Just a day before the Gumbel Brother put Northwestern on the bracket, Welsh-Ryan exploded in a paroxysm of basketball-related screaming, and the Sports Media Personalities unleashed their unholy torrent of purple-clad selfies, the Wildcats paid tribute to their basketball heritage by getting absolutely waxed by Wisconsin in the semi-finals of the Big Ten Tournament. Most years, that kind of game capped off a losing season in the Big Ten, snuffing the tiniest ember of hope for a miracle Big Ten Tournament run to the dance. This time, it didn't really matter. Northwestern had already beaten Wisconsin in Madison without Scottie Lindsey. They had made it further than any other Wildcat team had ever gone in the Big Ten Tournament by shithousing Rutgers with a record 31-0 first-half run and then silencing a rowdy, mother-booing, pro-Maryland D.C. crowd, and they had, by all accounts from even the most eccentric, apostate Bracketologists, qualified for the NCAA Tournament.

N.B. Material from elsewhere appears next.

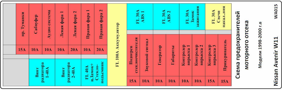 Расшифровка схемы предохранителей Nissan Avenir в салоне

They can't stop it now; it was on television
There is no doubt about it now. Wildcat fans can finally slam that Northwestern button on their internet NCAA brackets. They can send off a glorious, stone-bleachered Welsh-Ryan Arena into Stadium Valhalla after it finally transformed from an empty house of basketball horrors into a venue capable of drowning out Jim Nantz. They can surreptitiously watch the Wildcats at work on a Tournament Thursday while nervously toggling the "boss button" link that activates spreadsheets so profoundly fraudulent that they could only work on Kruger Industrial Smoothing-caliber management.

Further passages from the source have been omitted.